I saw it on wooden planes attaching soles to bodies. The photo is from the Internet, not mine. I'm looking for something simpler: only three rows of dovetails and they can be parallel to the longer dimension of the boards.


----------



## Loren (May 30, 2008)

Cut some plywood rectangles, then cut out
rectangles inside. Assuming you want to
cut the joints symmetrically you'd position 
these "windows" on a guide board in a way
that allows some lateral adjustment. Fuss
with the adjustment until you have the windows
spaced correctly so two routed parts will 
match. Use as many windows as you need.

The concept is similar to those door hinge 
router jigs with the 3 windows, one for each
hinge and spacer bars in between.

Use a router guide bushing for cutting the joints.

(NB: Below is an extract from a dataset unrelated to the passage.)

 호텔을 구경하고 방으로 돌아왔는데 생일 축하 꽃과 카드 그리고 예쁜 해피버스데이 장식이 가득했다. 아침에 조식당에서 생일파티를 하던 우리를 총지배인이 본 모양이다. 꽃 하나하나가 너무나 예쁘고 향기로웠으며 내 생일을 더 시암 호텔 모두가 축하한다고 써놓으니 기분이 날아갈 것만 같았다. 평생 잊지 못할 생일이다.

You could also make the guide board from a
single piece with cutouts on one side, but 
your math and layout would have to be dead-on.

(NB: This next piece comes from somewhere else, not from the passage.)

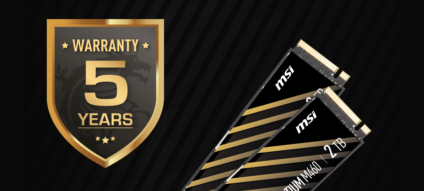 Firma MSI gwarantuje wysoką jakość i niezawodność działania napędów z serii SPATIUM M460, dlatego dyski te objęte są aż 5-letnią kompleksową gwarancją. Jeśli potrzebujesz pomocy lub nie jesteś zadowolony ze swojego produktu, zgłoś się do wsparcia technicznego firmy MSI, a my pomożemy Ci w rozwiązaniu Twoich technicznych problemów.
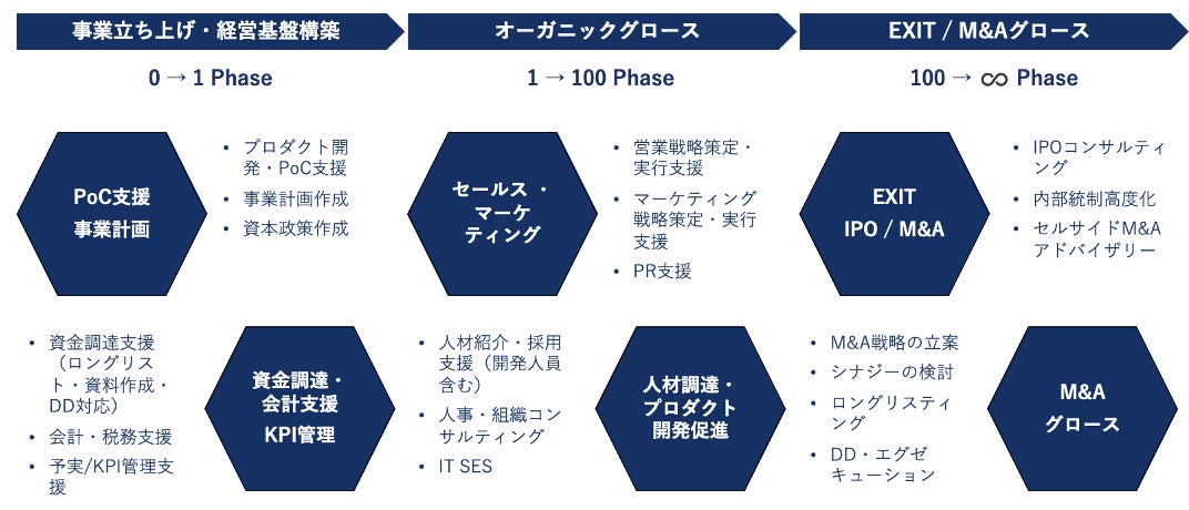 事業立ち上げ・経営基盤構築から、オーガニックグロース、EXIT/M&Aグロースまでシームレスに支援

I made a box joint jig this way once. I had
an Incra fence on my table saw which made it
easy.


----------



## harum (Nov 25, 2013)

> Cut some plywood rectangles, then cut out
> rectangles inside. Assuming you want to
> cut the joints symmetrically you d position
> these "windows" on a guide board in a way
> ...


Thanks Loren! This is definitely an option. Would this work? First, cut strips of plywood of two widths, one width-top of tails, the other-bottom of tails; then glue the wider strips onto a frame using the narrower strips as spacers; then mark the boards using this template and pre-cut rough dadoes on table saw for easier routing. It may take some tweaking to get an acceptable fit.

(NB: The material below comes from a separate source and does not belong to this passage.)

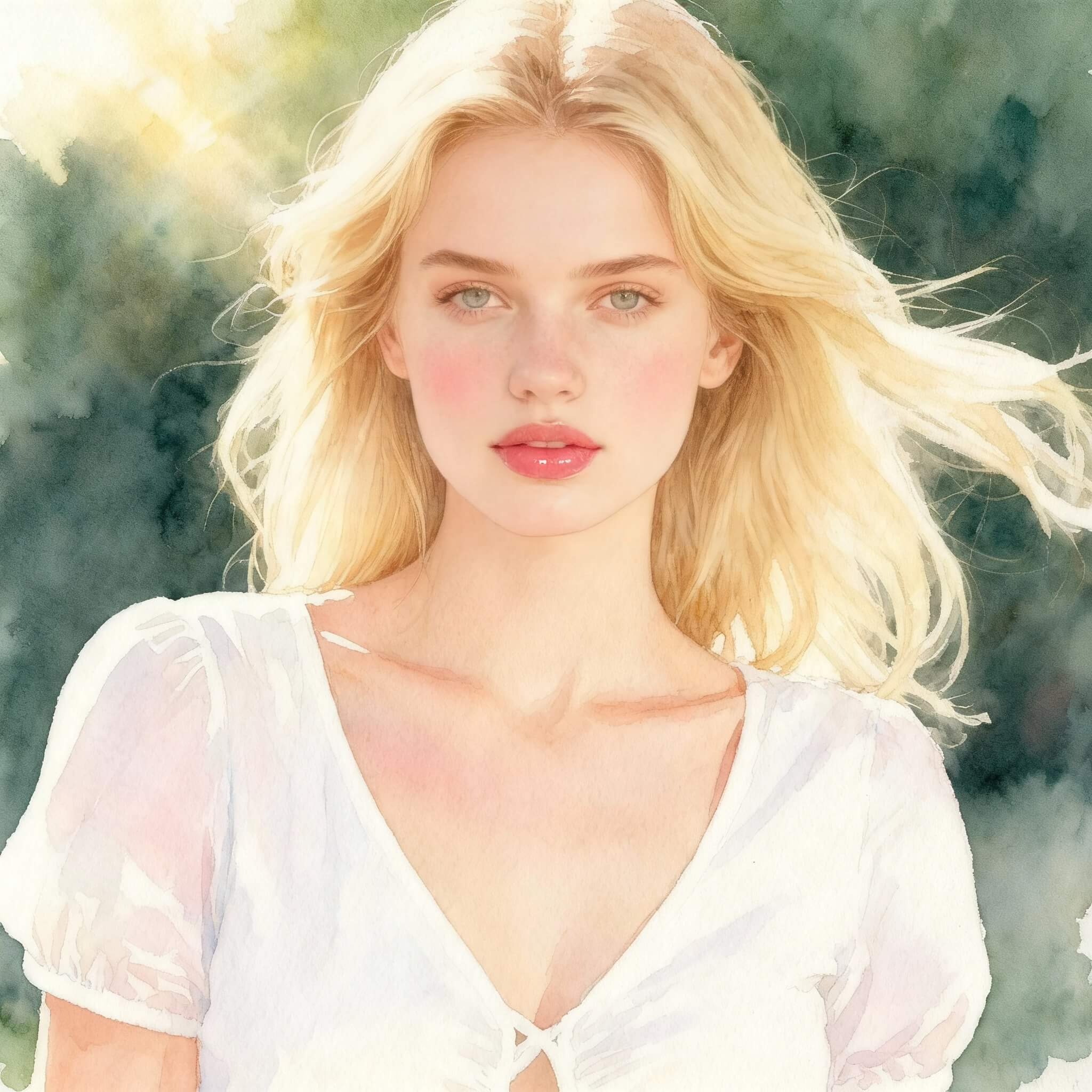 提示1:使用上傳的照片來增強肖像,自然的粉紅色妝容,柔和的腮紅和光澤的嘴唇,以水彩畫風格渲染,伴隨著早晨柔和的陽光。

Or, I could adapt the "box joint on the table saw" approach for routing: using a long guiding tail carefully positioned with respect to the dovetail bit for good fit.


----------



## BurlyBob (Mar 13, 2012)

I want to see it when you finish. That takes some serious outside of the box thinking. It's going to be amazing looking for certain.


----------



## Loren (May 30, 2008)

It's not that complicated a jig idea and you
could approach it in a simpler way than using
rectangle cut outs. The only tricky part is 
getting the spacing exact.

My box joint jig was a router jig. I used the
table saw to make it.


----------



## splintergroup (Jan 20, 2015)

Depending on the strength required, you could do as Loren suggests, but to avoid the need for exact spacing you could rip off all the rectangles on the side board, install them into the top, then glue the side board back on.

This would lock in the spacing. The side board could then be removed and the tips of the rectangles shaved back to perfect depth.

A piece that wide would have great long grain glue surface to be very sturdy.


----------